3. Key Contributions

1. Generalized Shear Formalism: The derivation of transformation matrices allowing for the application of pure and simple shear at arbitrary angles within periodic boundary conditions, enabling bulk material studies without surface effects.
2. Mapping Instability Lines: The ability to map "instability lines" in phase space, showing that a single rearrangement event can persist over a broad angular range (sometimes $>90^\circ$).
3. Characterization of Instability Interactions: A systematic classification of how instability lines behave as the shear angle varies:
   • Crossing: Lines can pass through one another with minimal interaction.
   • Merging/Transition: Lines can smoothly transition into one another or abruptly switch.
   • Termination: Lines can end abruptly or fade out.
4. Hysteron Scaling Laws: A detailed investigation of "hysterons" (rearrangements that undo themselves upon reversing shear) near their disappearance point, revealing specific scaling behaviors.

4. Key Results

• Persistence of Instabilities:

  • Instabilities are not isolated to specific angles; they form continuous "lines" in the $(\theta, \gamma)$ phase space.
  • A single rearrangement can persist over angular ranges exceeding $90^\circ$. This implies that the "soft spot" has an inherent $180^\circ$ symmetry, and the triggering condition depends on the projection of the strain matrix onto the feature's orientation, rather than the total strain magnitude.
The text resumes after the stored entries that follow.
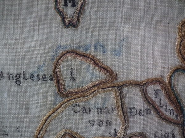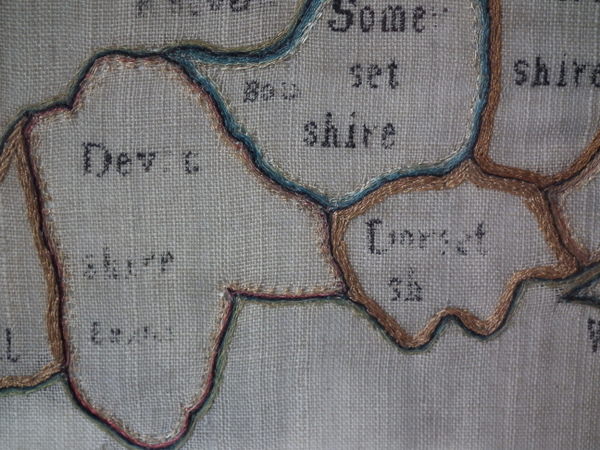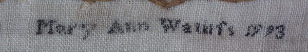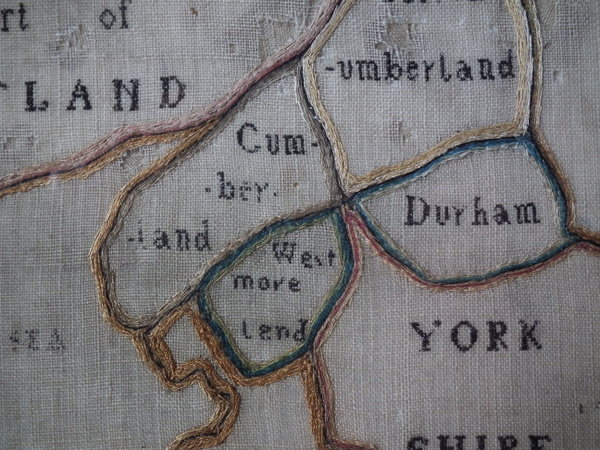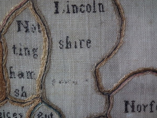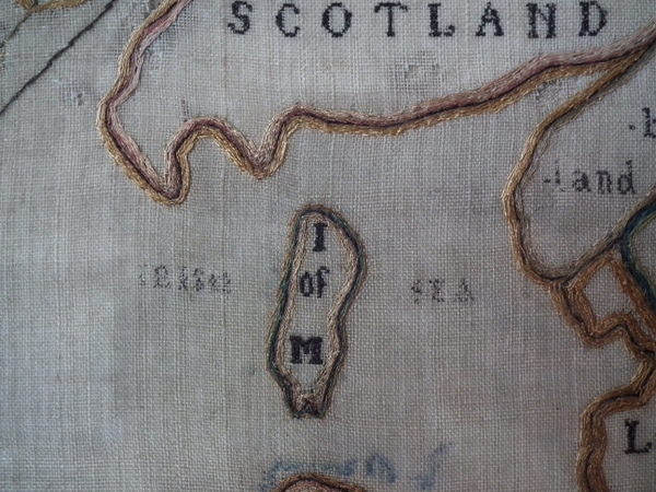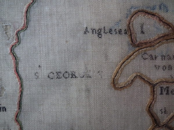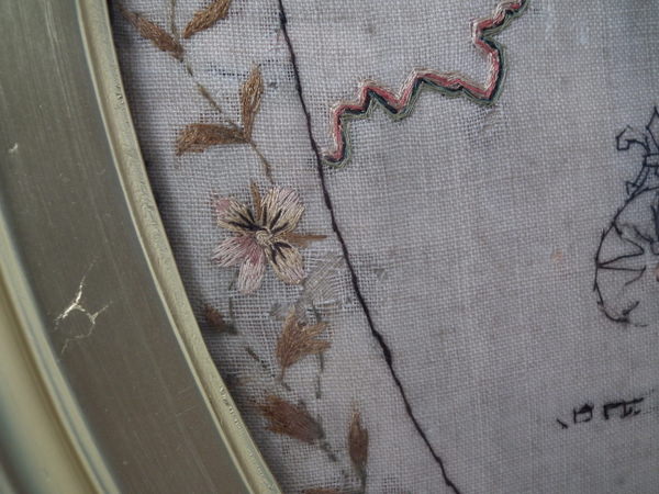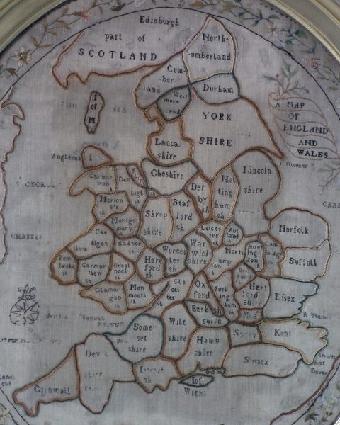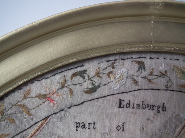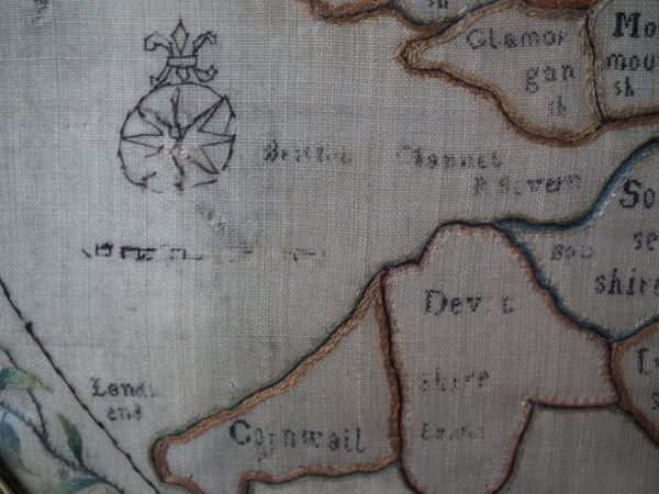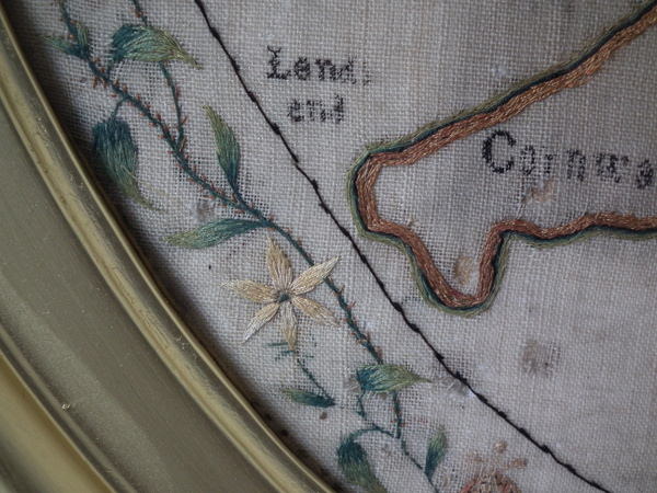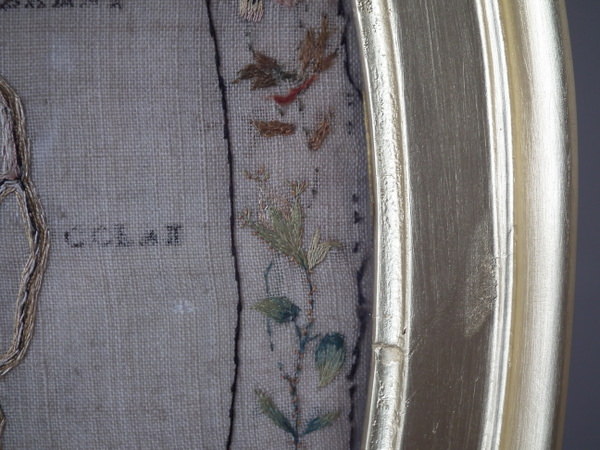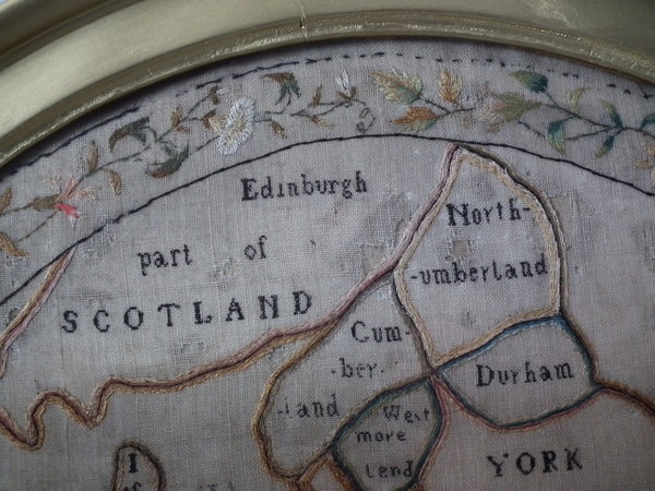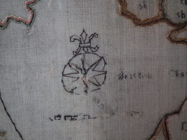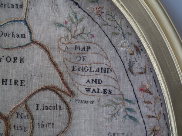 George III, dated 1793. 20.5ins high by 18ins wide. 1793 Map Sampler by Mary Ann Watkiss. Framed in a restored old oval wooden frame, with rippled, old glass.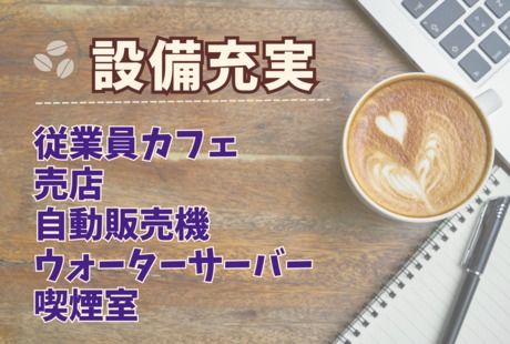 待遇・福利厚生 | 【保険制度】 雇用保険、労災保険、健康保険、厚生年金 【福利厚生】 待遇・福利厚生 【福利厚生】 ○社会保険完備 ○有給休暇 ○産前産後休暇 ○育児休暇 ○健康診断(全額会社負担) ○交通費支給(2万円/月) ○車通勤OK(敷地内駐車場) ○日払い制度(毎週火・金払い) ○正社員登用制度あり ○売店・自販機完備 ○無料ウォーターサーバー完備 |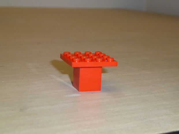 Tomar una pieza plana de 4 x 4 y centro en la cima de la pila de 2 x 2.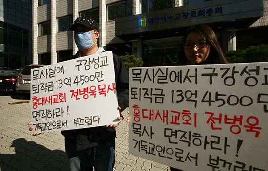 전병욱 전 삼일교회 담임목사의 면직을 다룰 예장합동 평양노회(노회장 강재식 목사, 이하 노회) 재판국이 11월10일(월) 오전 서울 대치동 노회 사무실에서 열린 가운데 전 목사가 출석했다. 전 목사 외에도 황 모 부목사, 허 모 장로를 비롯해 홍대새교회 쪽에선 성도와 부교역자를 합해 20여 명이 노회 사무실로 왔다. 그러나 전 목사는 취재진들에겐 모습을 드러내지 않았다.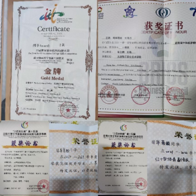 司华蓓姣在完成课程之余,为了充实大学生活,提升个人技能素养,积极参加各类技能比赛,并取得优异成绩。2021年11月获得“一带一路暨金砖国家技能发展与技术创新大赛”团体一等奖,2022年4月获得风光互补安装与调试天津市选拔赛第一名,2022年8月获得“首届世界职业院校技能大赛”碳中和可再生能源赛项金奖,2022年8月获得“六百光年杯”第十五届全国大学生节能减排社会实践与科技竞赛三等奖两项,2022年11月获得第三届“海河工匠杯”技能大赛——可再生能源赛项第三名。

• Interaction of Rearrangements:

  • Crossing: In small systems where spatial avoidance is impossible, two distinct rearrangement lines can cross. The particle displacements for the two events remain distinct, allowing them to "pass through" each other with minimal interaction.
  • Termination Modes:
    • Abrupt End: A line ends without a nearby alternative.
    • Smooth Transition: A line gradually changes into another (indicated by smooth color changes in correlation matrices).
    • Abrupt Switch: A line jumps to a different rearrangement without a large strain jump, detectable only via correlation analysis.

• Closing of Hysterons:

  • As the shear angle $\theta$ approaches the point where a hysteron disappears, the hysteresis loop width ($\gamma_h = \gamma_+ - \gamma_-$) shrinks to zero.
  • Scaling Behavior: As $\gamma_h \to 0$, the energy drop ($\Delta E$) and particle displacement norm ($\Delta r$) scale smoothly with the hysteresis width:
    • $\Delta E \propto \gamma_h^{1.55 \pm 0.04}$
    • $\Delta r \propto \gamma_h^{0.57 \pm 0.05}$
  • This scaling is intrinsic to individual rearrangements, distinct from ensemble averages.
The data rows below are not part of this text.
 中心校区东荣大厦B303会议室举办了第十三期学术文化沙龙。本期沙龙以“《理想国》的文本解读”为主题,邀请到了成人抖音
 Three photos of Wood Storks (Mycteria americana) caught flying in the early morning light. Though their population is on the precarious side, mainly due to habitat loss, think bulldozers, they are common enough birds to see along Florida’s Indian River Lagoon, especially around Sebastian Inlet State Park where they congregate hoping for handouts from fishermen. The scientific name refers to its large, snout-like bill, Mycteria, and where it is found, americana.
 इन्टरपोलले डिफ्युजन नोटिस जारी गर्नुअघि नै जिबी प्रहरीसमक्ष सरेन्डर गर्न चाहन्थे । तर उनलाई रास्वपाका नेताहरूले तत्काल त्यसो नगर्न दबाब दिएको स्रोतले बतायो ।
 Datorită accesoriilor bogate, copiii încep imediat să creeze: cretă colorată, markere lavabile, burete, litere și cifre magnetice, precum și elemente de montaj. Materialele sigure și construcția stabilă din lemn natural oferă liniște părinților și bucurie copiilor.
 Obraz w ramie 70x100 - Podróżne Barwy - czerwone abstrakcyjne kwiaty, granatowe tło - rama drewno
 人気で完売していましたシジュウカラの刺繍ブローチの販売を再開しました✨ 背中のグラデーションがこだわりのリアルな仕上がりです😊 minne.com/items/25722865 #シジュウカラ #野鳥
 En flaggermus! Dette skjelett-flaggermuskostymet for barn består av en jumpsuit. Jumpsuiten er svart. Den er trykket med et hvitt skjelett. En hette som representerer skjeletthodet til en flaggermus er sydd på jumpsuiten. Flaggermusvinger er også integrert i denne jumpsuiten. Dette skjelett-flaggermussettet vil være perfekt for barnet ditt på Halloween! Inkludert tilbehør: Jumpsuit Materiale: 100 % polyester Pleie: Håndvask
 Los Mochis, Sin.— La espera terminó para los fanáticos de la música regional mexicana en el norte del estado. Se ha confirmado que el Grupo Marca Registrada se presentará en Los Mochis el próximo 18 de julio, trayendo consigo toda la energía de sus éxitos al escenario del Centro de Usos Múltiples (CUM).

• Path Dependence and Memory:

  • The authors demonstrated that one can circumvent an instability entirely by taking a path in phase space that goes "around" the rearrangement line (e.g., changing the angle to avoid the critical strain).
  • This confirms that identical final particle configurations can be reached via paths that include rearrangements and paths that do not, highlighting the complex topology of the energy landscape.

5. Significance

This work fundamentally advances the understanding of failure in amorphous solids by moving beyond uniaxial loading constraints.

• Geometric Signature of Failure: It suggests that failure events possess a geometric signature (orientation-dependent) that persists even when the local rearrangement does not look like a classic quadrupole.
• Memory Formation: By revealing how hysterons close and how rearrangements persist or merge, the study provides a deeper mechanism for how disordered solids "remember" cyclic deformations.
• Universality: The technique is applicable to various dimensions, system sizes, and material types (network solids, suspensions, fluids), offering a unified framework to study plasticity and jamming.
• Predictive Power: Understanding the angular dependence of instabilities helps in predicting how materials will respond to complex, multi-axial stress states, which is crucial for engineering applications involving disordered materials.